Seeing this reminded me of the first time I started to calm down about the world coming to an end. When I was little growing up in NYC and seeing nothing around me but concrete I simply could not get my mind around the fact that we might not be wrecking the planet. How could I? All I saw were teeming masses of (sometimes mean) people, millions of cars, congestion, smoky air from cars … and then I remember reading in the Daily News about a pair of nesting Peregrine Falcons who happened to like the NYC skyscrapers. I never saw them, but I suspect they and others are still there, enjoying the Pigeons as much as the visitors to the parks do. 

2 Responses to “I Don’t Know Jack!”

  1. Most of the planet is not just uninhabited, but uninhabitable, or, at least, non-arable. And yet, as intense as The City is, you could just as easily seen therein the resilience of human action. I am not saying that your perception of Earth’s fagility was wrong, only that it was not inevitable: other conclusions were possible. I often pass a cell phone tower with an eagle’s nest in it.

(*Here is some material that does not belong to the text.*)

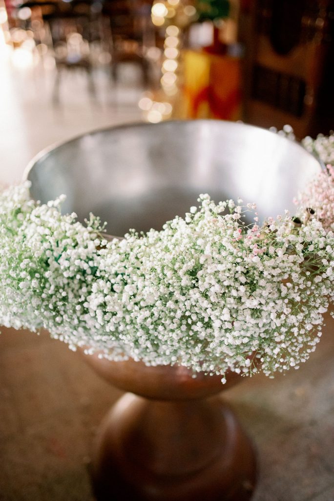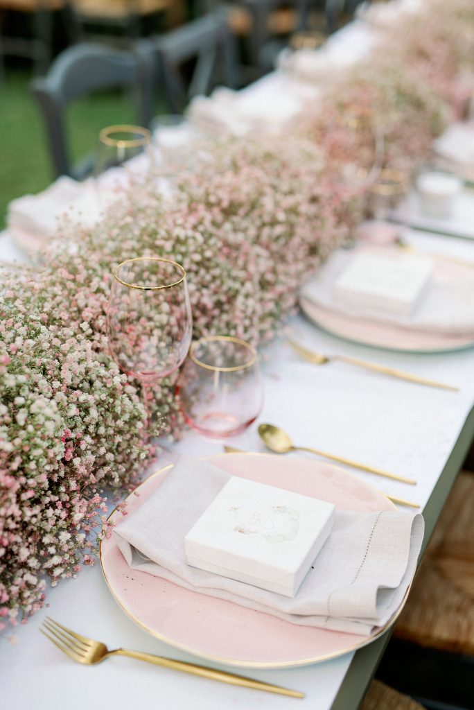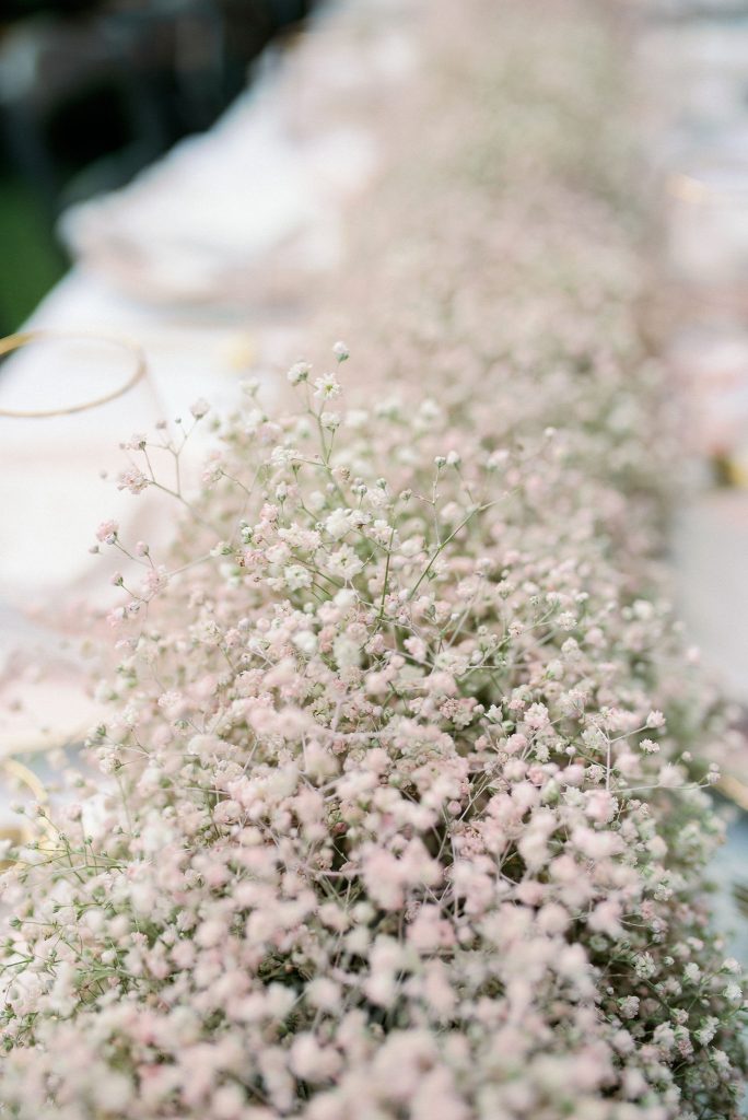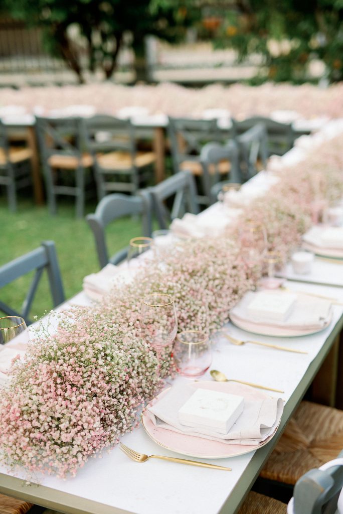 The large U-Shaped Dining Table, the hand-painted ceramic favors, the degrade flower garland of pink baby breaths, the live band.

The birds should have been properly appreciative, but probably just took it as their due. Here in Austin, I know from my patrols as a security guard, that owls and hawks take advantage of the skyscrapers we erect: “Hello! How are you? Bye!”

    I have read of beekeepers (apiarias) in NYC selling local honey. (Buy local!)

    Society within The City brings together people from many cultures. We abandon our distrusts. Yes, in NYC, you have Jewish, and Arabic, and Italian, and Etc., neighborhoods, but the City could not exist if they did not agree implicitly to co-existence.

    It may well be true as in science fiction that the last brick will replace the last wildflower. Use your search engine on Cambrian oceans and you will see that large changes (and small) are as natural as organic yogurt grown in huge vats.

  2. Harry says:

    Great brain food, both Mikes!

    Did not Hayek say we do not know Jack?